Vici Venous Stent Receives FDA Approval for Iliofemoral Obstructive Disease
The self-expanding nitinol stent now joins Venovo as only the second dedicated venous device on the US market.
The US Food and Drug Administration has approved the Vici stent for use in treating iliofemoral venous obstructive disease, Boston Scientific announced today. This is the second approval this year for a dedicated venous stent for a disease that has typically been managed in the past with off-label device use.
The Vici approval was supported by data from the 170-patient VIRTUS study. As reported by TCTMD earlier this year at ISET 2019, VIRTUS demonstrated a 12-month primary patency rate of 84%, exceeding the performance goal of 72.1% (P < 0.001). Additionally, the Venous Clinical Severity Score (VCSS) declined from 10 at baseline to 5.6 at 12 months, with only 27.3% of patients having a score of 8 or higher.

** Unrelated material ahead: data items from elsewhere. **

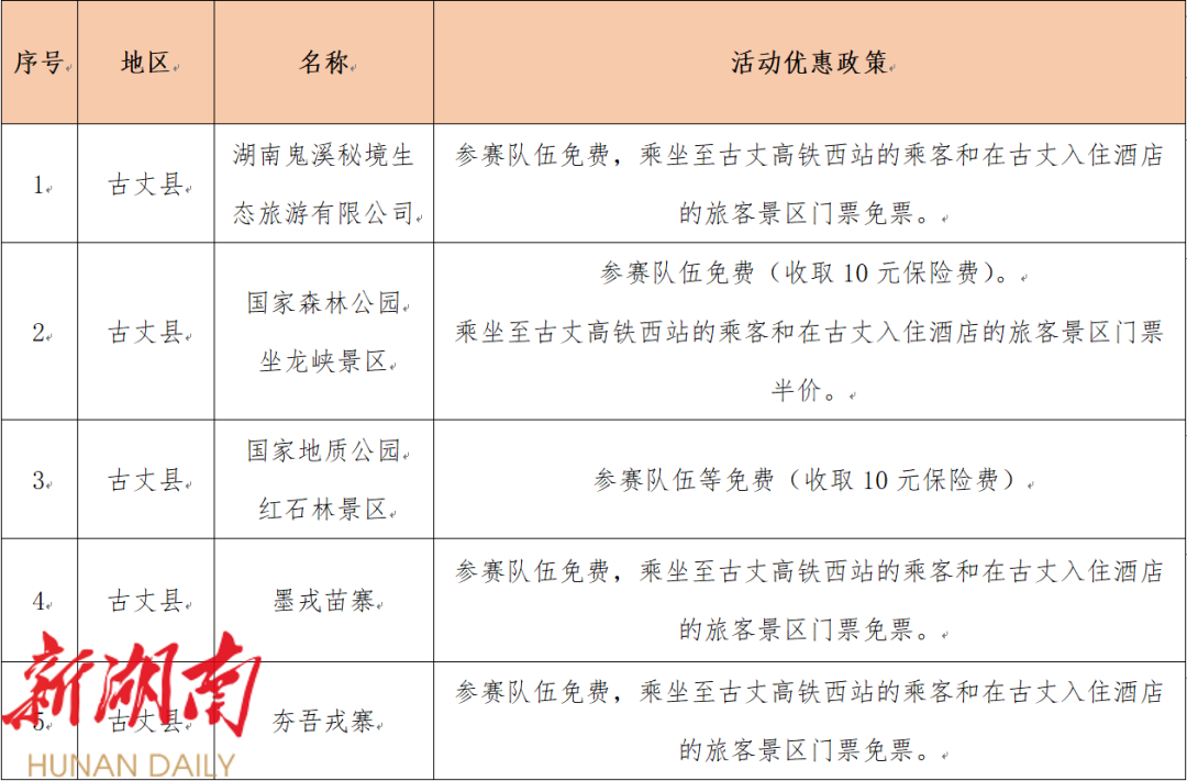 活动期间,参赛队伍可免费游玩 (仅需缴纳10元保险费);此外,乘坐至古丈高铁西站的乘客以及在古丈入住酒店的旅客,可享受半价购票优惠 。
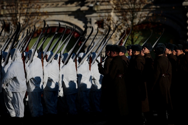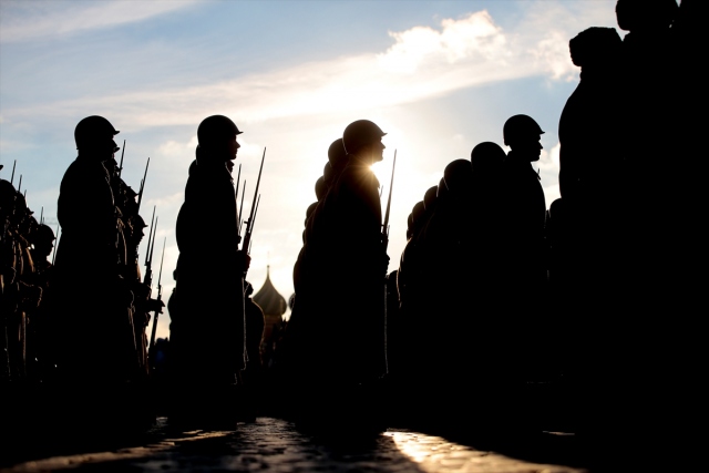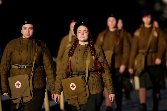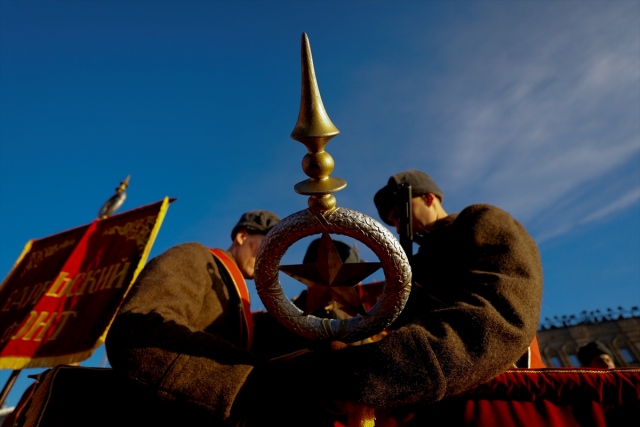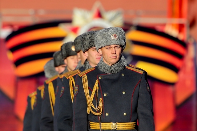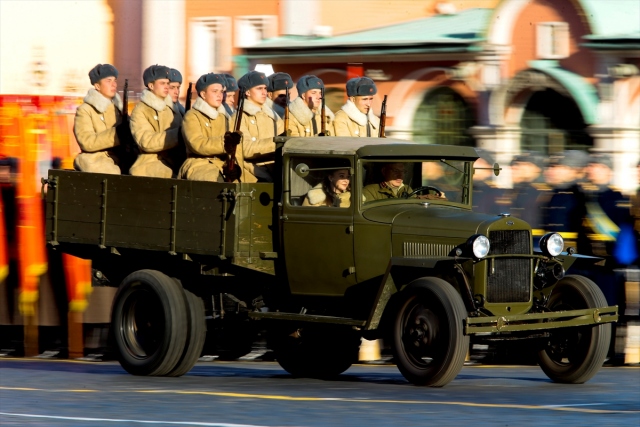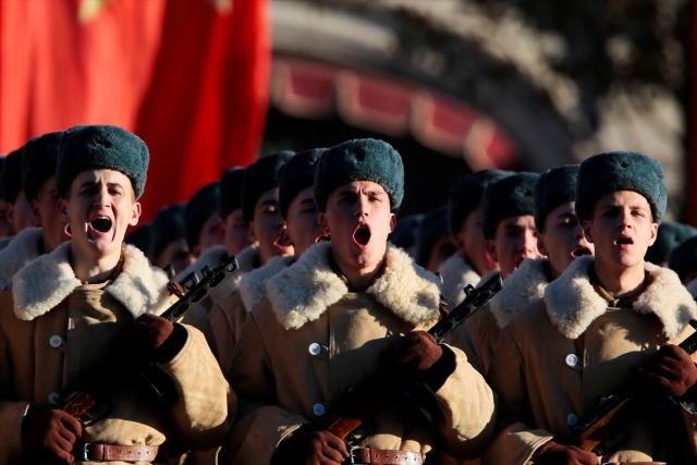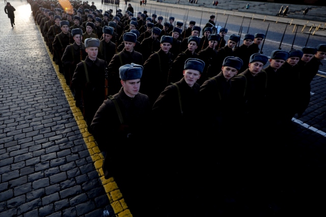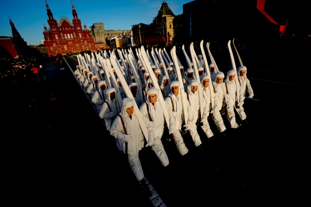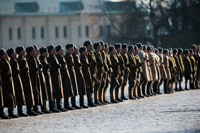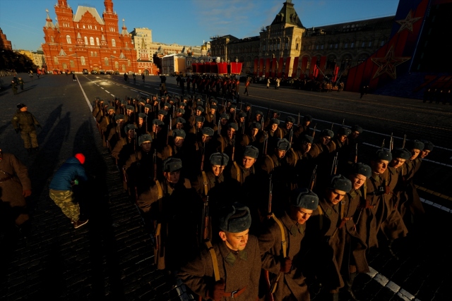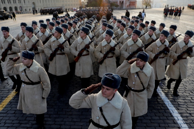 Kızıl Ordu'nun 7 Kasım 1941'de Kızıl Meydan'da toplanarak dönemin Nazi Almanya'sına karşı taarruza geçişinin yıl dönümü nedeniyle Moskova'da temsili askeri geçit töreni öncesi prova yapıldı. Kızıl Meydan'da düzenlenen geçit törenine Başkanlık Muhafız Alayı askerleri dönemin Sovyetler Birliği ordusu üniformalarıyla katıldı.
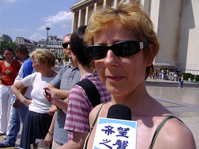 一位法国女士看到中共活体摘取法轮功学员器官的资料图片,她说:“这太让人震惊了。我们对在中国仍存在集中营这些事情一无所知。的确,对于法国的历史来说, 德国人的集中营给我们留下深深的刺痛,那些真的是太糟糕了,我们认为这样的集中营不会重新出现在现在这个年代,而在现代中国这还是出现了,真的是很让人吃惊。”
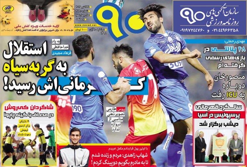 تصاویر نیم صفحه روزنامههای ورزشی چاپ امروز دوشنبه دهم آبان به مسائل مختلف ورزشی به خصوص فوتبال اختصاص دارد.
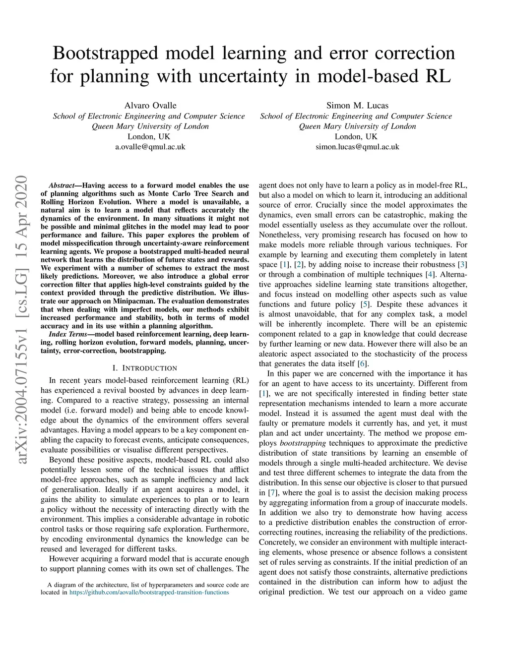 Having access to a forward model enables the use of planning algorithms such as Monte Carlo Tree Search and Rolling Horizon Evolution. Where a model is unavailable, a natural aim is to learn a model that reflects accurately the dynamics of the environment. In many situations it might not be possible and minimal glitches in the model may lead to poor performance and failure. This paper explores the problem of model misspecification through uncertainty-aware reinforcement learning agents. We propose a bootstrapped multi-headed neural network that learns the distribution of future states and rewards. We experiment with a number of schemes to extract the most likely predictions. Moreover, we also introduce a global error correction filter that applies high-level constraints guided by the context provided through the predictive distribution. We illustrate our approach on Minipacman. The evaluation demonstrates that when dealing with imperfect models, our methods exhibit increased performance and stability, both in terms of model accuracy and in its use within a planning algorithm.
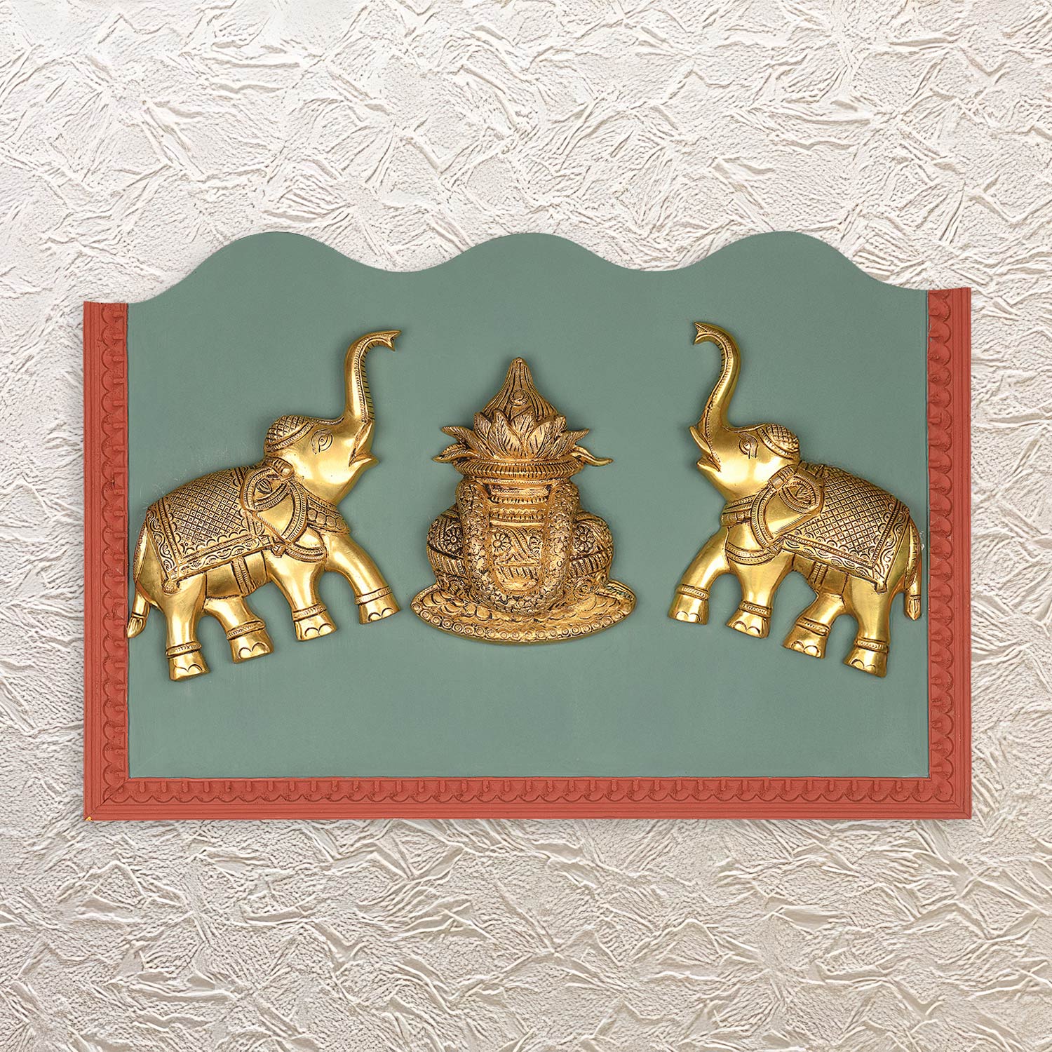 Brass Elephant Pair with Kalash in Wooden Wall Frame 16" Ethnic Home Accent

Vici joins the Venovo (Becton Dickinson) device, which received FDA approval for a similar indication less than 2 months ago based on favorable results from the VERNACULAR trial. As reported by TCTMD at VIVA 2018, VERNACULAR demonstrated a high rate of primary patency at 12 months (88.3%) and was associated with sustained improvements in quality of life.
Previously, the Vici stent had received CE Mark in 2013 and the Venovo in 2015.
According to Boston Scientific, venous obstructive disease affects nearly 40% of the US population and is typically caused deep vein thrombosis, postthrombotic syndrome, and compressive diseases such as May-Thurner syndrome. The device is “designed to be crush resistant to meet the unique challenges of venous anatomy, which are subject to directional forces or twisting due to their location deep in the pelvis,” a press release reads.